→ Exercise aim
Below are records with pictures in them. Output exactly the lines from the one with "pink silk tulle" through the one with "THE GRADUATION TOILET", both included, and leave every picture out; give only those lines.

→ Source data
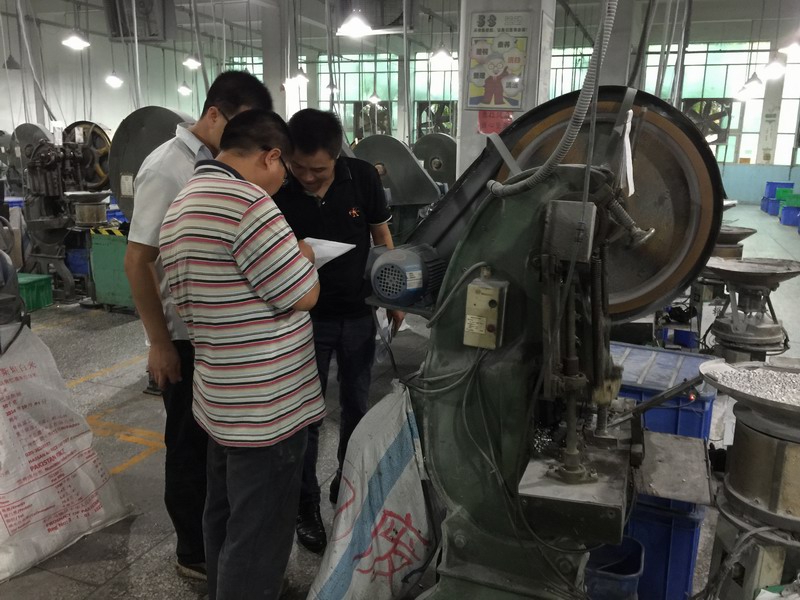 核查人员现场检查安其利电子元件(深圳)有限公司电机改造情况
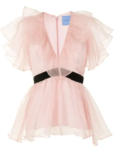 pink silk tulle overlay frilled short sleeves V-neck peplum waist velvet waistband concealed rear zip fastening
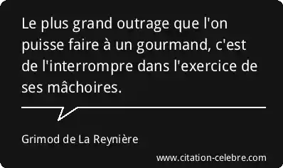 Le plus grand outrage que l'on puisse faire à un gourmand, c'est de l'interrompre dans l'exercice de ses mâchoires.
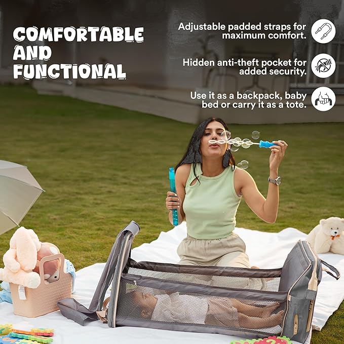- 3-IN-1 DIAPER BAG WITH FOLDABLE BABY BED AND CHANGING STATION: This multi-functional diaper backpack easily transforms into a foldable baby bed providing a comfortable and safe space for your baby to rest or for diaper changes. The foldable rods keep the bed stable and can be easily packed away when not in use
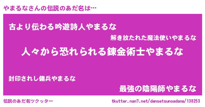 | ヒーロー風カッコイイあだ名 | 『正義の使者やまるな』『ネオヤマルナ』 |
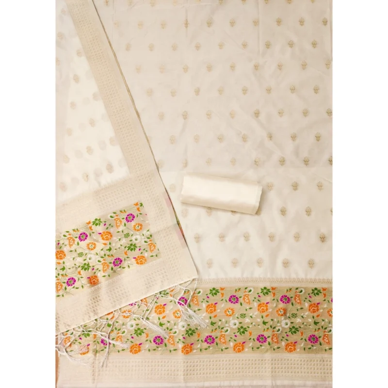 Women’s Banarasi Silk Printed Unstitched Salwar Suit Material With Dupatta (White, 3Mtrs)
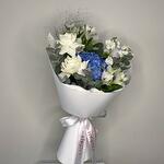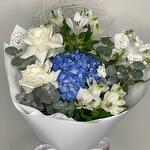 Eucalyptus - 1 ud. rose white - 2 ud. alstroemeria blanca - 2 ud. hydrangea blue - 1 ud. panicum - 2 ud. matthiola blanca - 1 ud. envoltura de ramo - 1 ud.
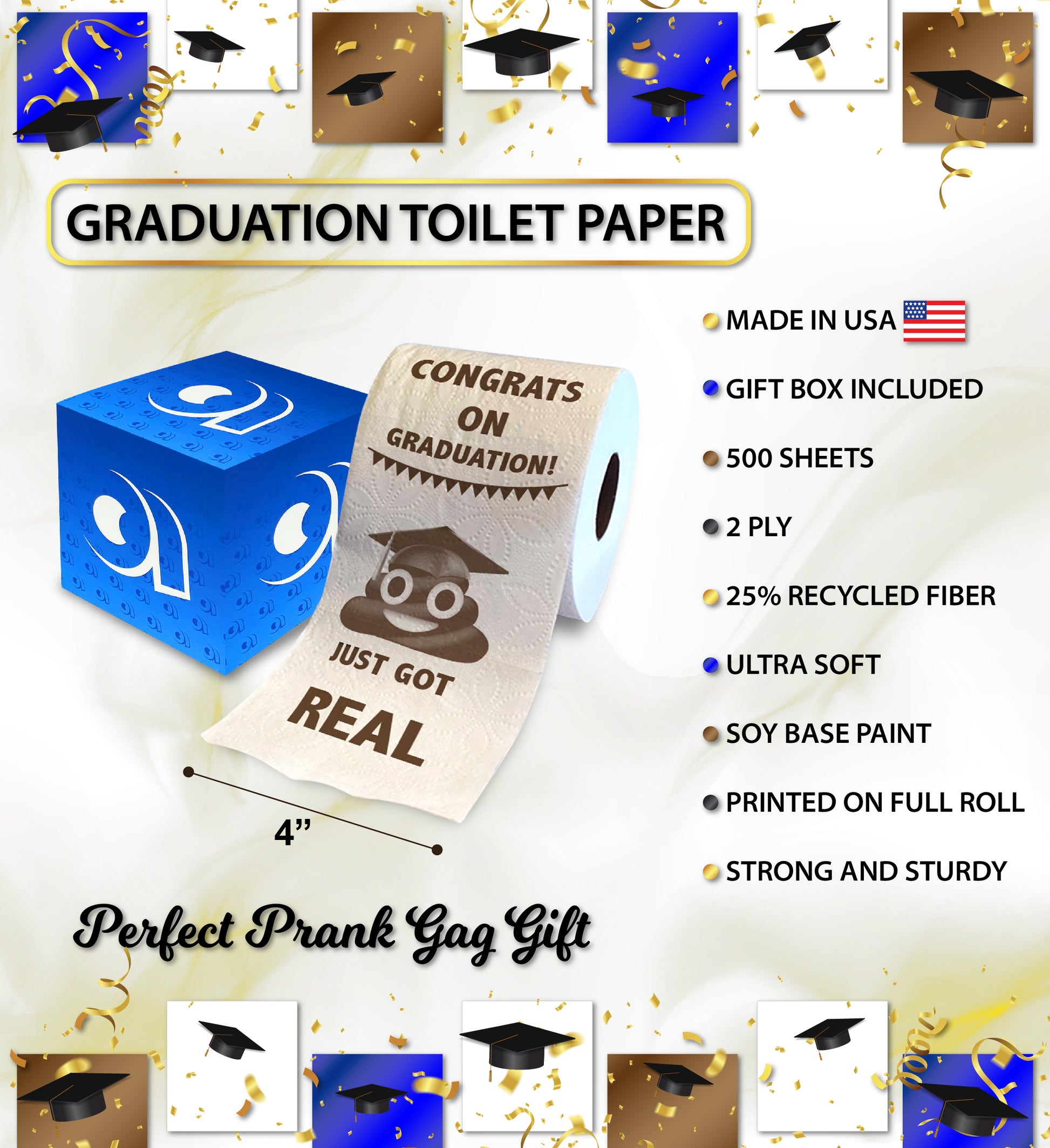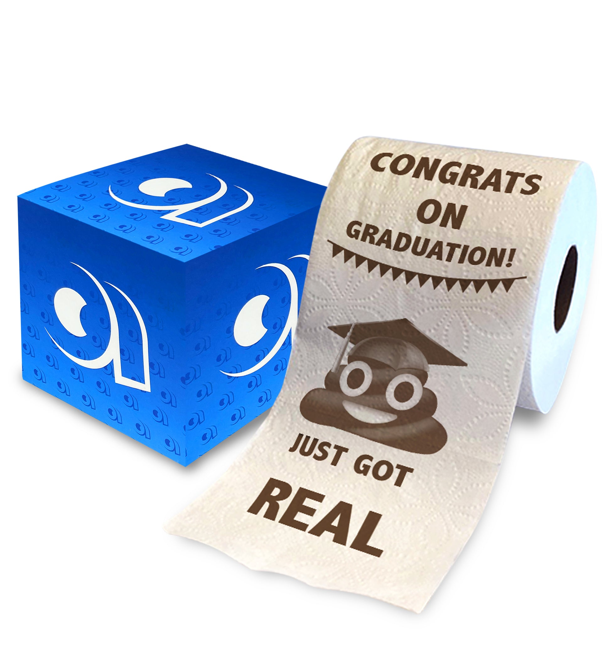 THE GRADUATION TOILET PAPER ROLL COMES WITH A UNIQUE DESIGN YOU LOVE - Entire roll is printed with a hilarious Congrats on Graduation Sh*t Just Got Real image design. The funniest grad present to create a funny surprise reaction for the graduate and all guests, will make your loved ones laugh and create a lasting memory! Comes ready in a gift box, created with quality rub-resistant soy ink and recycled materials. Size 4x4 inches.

* * *

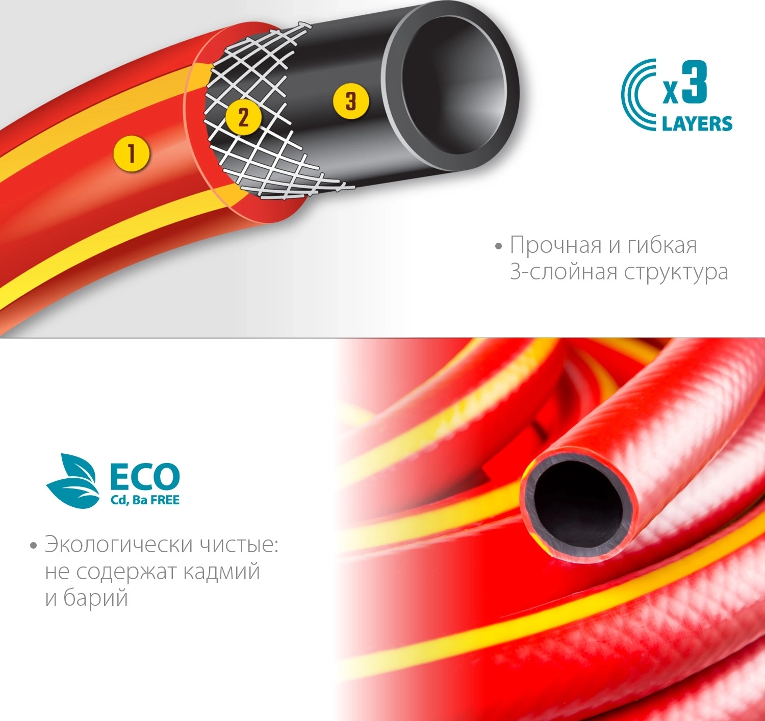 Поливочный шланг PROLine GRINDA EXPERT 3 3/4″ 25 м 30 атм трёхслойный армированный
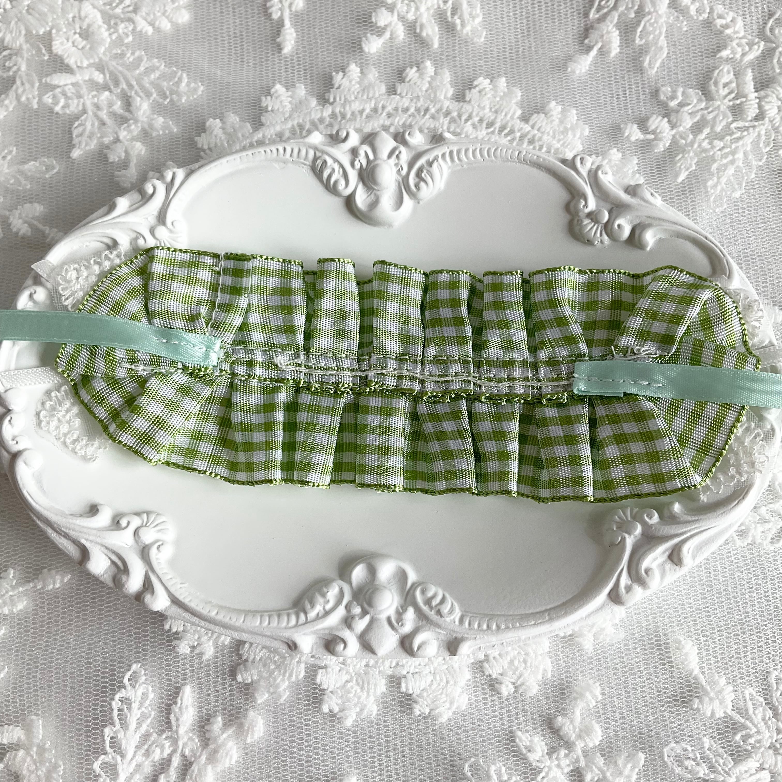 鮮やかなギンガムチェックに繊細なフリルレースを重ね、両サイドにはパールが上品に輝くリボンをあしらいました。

→ Expected answer
 pink silk tulle overlay frilled short sleeves V-neck peplum waist velvet waistband concealed rear zip fastening
 Le plus grand outrage que l'on puisse faire à un gourmand, c'est de l'interrompre dans l'exercice de ses mâchoires.
- 3-IN-1 DIAPER BAG WITH FOLDABLE BABY BED AND CHANGING STATION: This multi-functional diaper backpack easily transforms into a foldable baby bed providing a comfortable and safe space for your baby to rest or for diaper changes. The foldable rods keep the bed stable and can be easily packed away when not in use
 | ヒーロー風カッコイイあだ名 | 『正義の使者やまるな』『ネオヤマルナ』 |
 Women’s Banarasi Silk Printed Unstitched Salwar Suit Material With Dupatta (White, 3Mtrs)
 Eucalyptus - 1 ud. rose white - 2 ud. alstroemeria blanca - 2 ud. hydrangea blue - 1 ud. panicum - 2 ud. matthiola blanca - 1 ud. envoltura de ramo - 1 ud.
 THE GRADUATION TOILET PAPER ROLL COMES WITH A UNIQUE DESIGN YOU LOVE - Entire roll is printed with a hilarious Congrats on Graduation Sh*t Just Got Real image design. The funniest grad present to create a funny surprise reaction for the graduate and all guests, will make your loved ones laugh and create a lasting memory! Comes ready in a gift box, created with quality rub-resistant soy ink and recycled materials. Size 4x4 inches.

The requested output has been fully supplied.